= Angústias A.C. =

Portuguese athletic club

Angústias Atlético Clube (commonly shortened as Angústias AC), is an athletic club and football team founded in 1923, on the island of Faial in the Portuguese archipelago of the Azores.

==History==
Founded on 6 January 1923, by founding partners Jaime Maria Soares de Melo, Manuel Inácio Cardoso, João da Cruz Cristiano, João Taves, José Francisco da Câmara, José Avelar da Costa Nunes, João Caetano da Rocha, Francisco Rodrigues da Sousa, Guilherme Mederios da Rosa and Adolfo de Sousa Wenceslau.

It was the second sports club on the island of Faial created to practice football, competing directly with the Fayal Sport Clube. The interest to create a new team developed following the three football games that occurred in the summer of 1922, between Fayal Sport and the Casa Pia Atlético Clube. Further, at the time, a dissidence had developed against Fayal Sport, driving initiative for a new team.

"The idea to constitute a club in the populous parish of Angústias imposed itself. There was enthusiasm in the parish, sportsmen were not missing and interest abound, lacking, simply, a decision. The opportunity could not be lost and so they resorted to a clever politico-sporting maneuver that was unleashed. One of the most dedicated and influential partners broke away from the Fayal Sport Club. He contacted the Angustienses, joined them and soon after came the Angústias Athletic Club...Mr. Manuel Stattmiler Saldanha e Albuqueruqe, entrusted with this task, chaired the first board of the AAC (1923), withdrawing soon after and resuming his activity in FSC."

Its first president does not figure in the Machiavellian maneuver that created the club. Jaime Maria Soares de Melo, professor of Escola Normal da Horta, president of the Câmara Municipal and council administrator/provisioner of the Santa Casa da Misericórdia, was considered the Father of Atlético.
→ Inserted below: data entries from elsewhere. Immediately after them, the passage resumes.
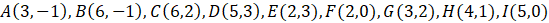 Wyznacz trzy pary czworokątów symetrycznych, których wierzchołkami mogą być punkty spośród:
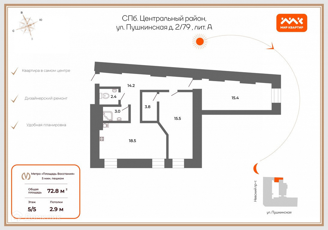 2-комнатная квартира, 72.8 м2, этаж 5 / 6, на продажу в Санкт-Петербурге, Невский проспект, 79
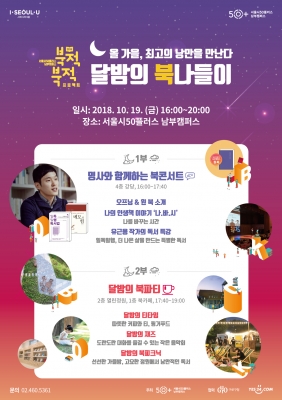 ‘달밤의 북나들이’ 행사는 오는 19일 서울시50플러스 남부캠퍼스에서 오후 4시부터 진행되며 1,2부로 나뉘어 북콘서트와 북파티 형식으로 꾸며진다.
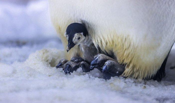 柔弱的帝企鹅宝宝,在帝企鹅爸爸(没错,是爸爸哦)的精心呵护下茁壮成长。晚点过来可能就错过了它成长的过程啦。
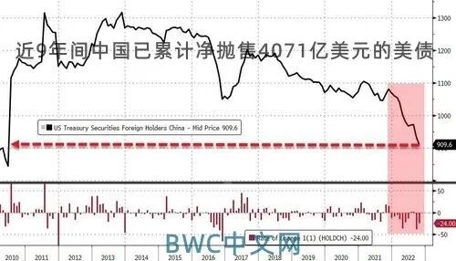 更加值得注意的是,BWC中文网查询美国财政部历史数据注意到,最为明显的一个新变化是,中国在2013年11月当时持有美国国债总额达1.3167万亿美元,再对比最新持仓的9096亿美元,可以看出,近9年间,已经累计净抛售了规模高达4071亿美元的美国国债。累计净抛售比例约为31%,而这一累计抛售规模比美债第四大持有国比利时持有的3273亿美债总量还要多出798亿,仅次于美债第三大持有国英国持有的美债数量。

It was during his term that club's anthem (with lyrics by Ana Adelina Bettencourt da Costa Nunes and music by maestro Francisco Xavier Simaria) was established, the team became public institution, and two years after its founding, an education and sport program was founded by the group.

In the following 81 years the group became an important part of the sporting culture on the island.